• [MATERIAL PROVIDED]
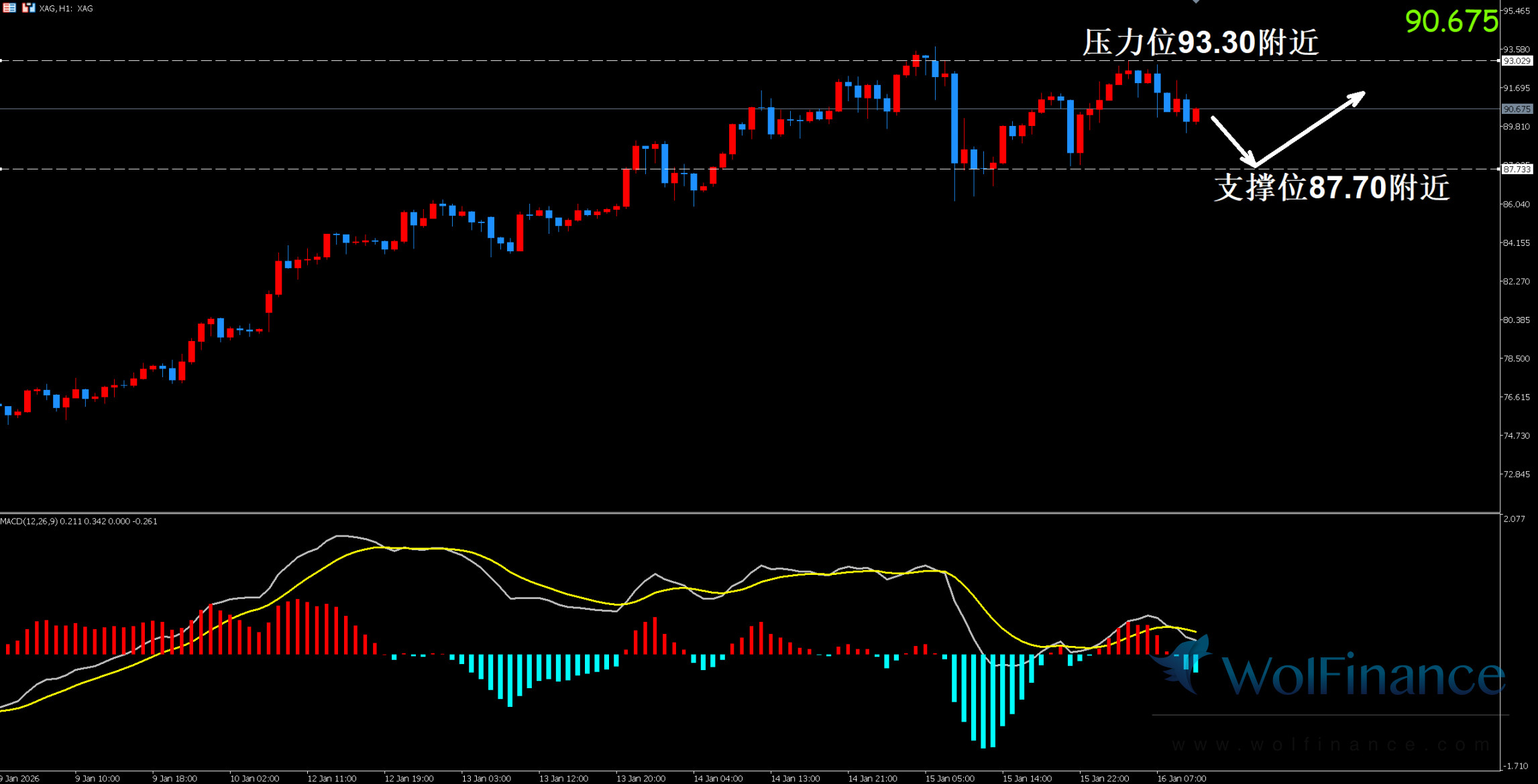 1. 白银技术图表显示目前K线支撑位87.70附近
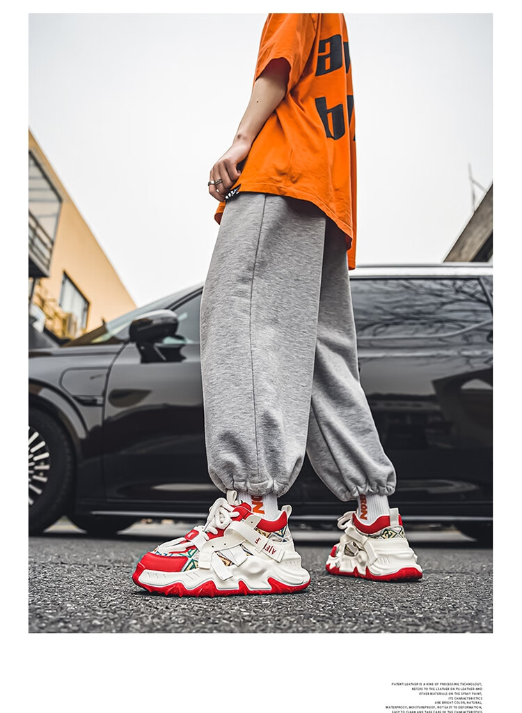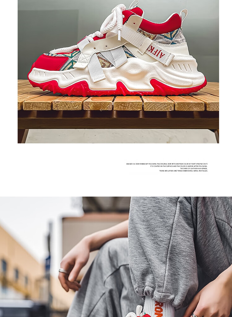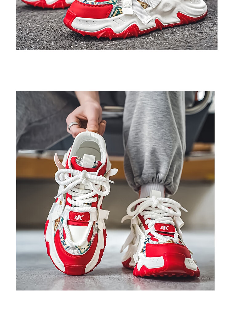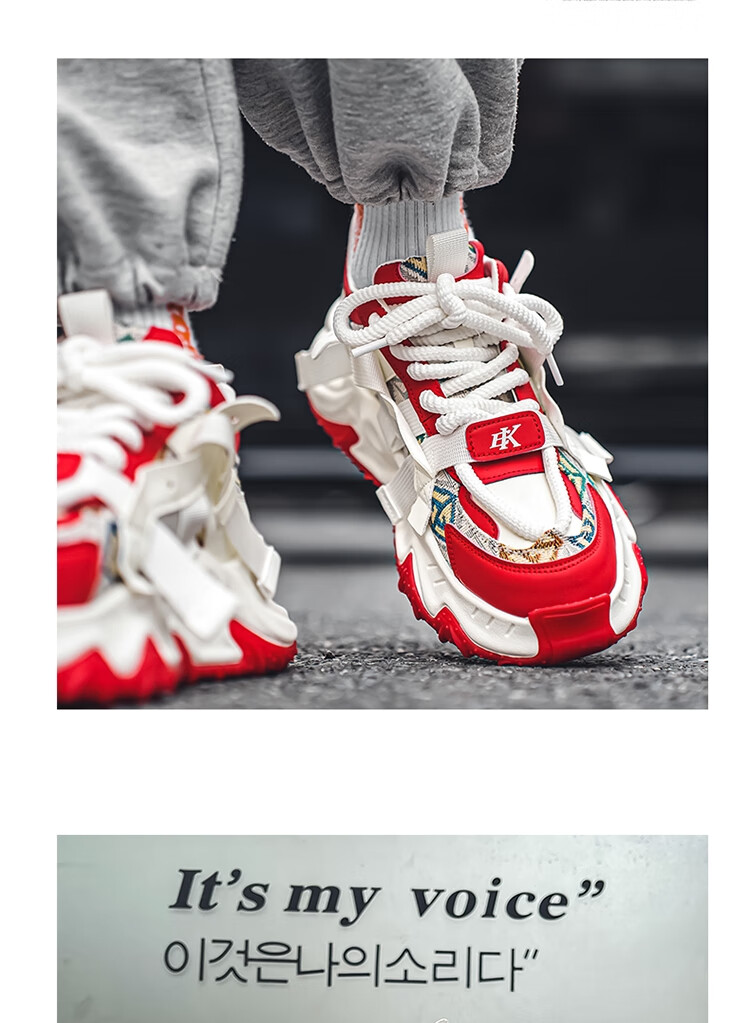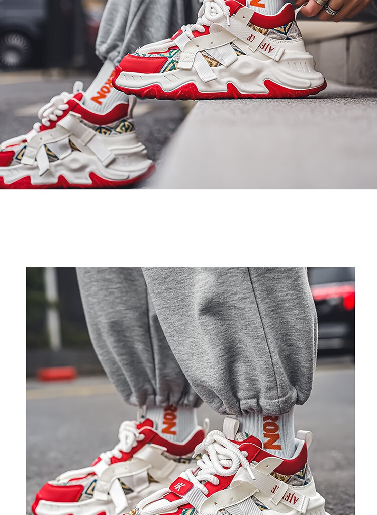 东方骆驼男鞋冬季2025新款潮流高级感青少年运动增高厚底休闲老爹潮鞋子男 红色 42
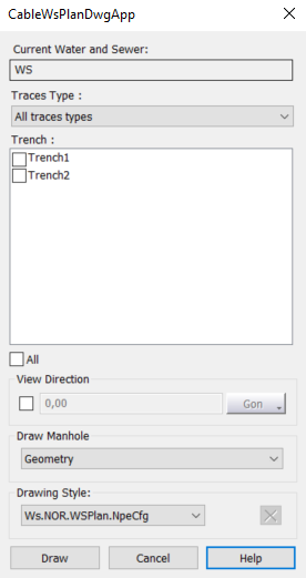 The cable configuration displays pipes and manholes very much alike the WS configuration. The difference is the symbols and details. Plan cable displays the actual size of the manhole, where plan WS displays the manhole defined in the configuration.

• [TASK REQUIREMENTS] Reproduce all the material exactly, omitting images.

• [ANSWER FOR THIS EXERCISE]
 1. 白银技术图表显示目前K线支撑位87.70附近
 东方骆驼男鞋冬季2025新款潮流高级感青少年运动增高厚底休闲老爹潮鞋子男 红色 42
 The cable configuration displays pipes and manholes very much alike the WS configuration. The difference is the symbols and details. Plan cable displays the actual size of the manhole, where plan WS displays the manhole defined in the configuration.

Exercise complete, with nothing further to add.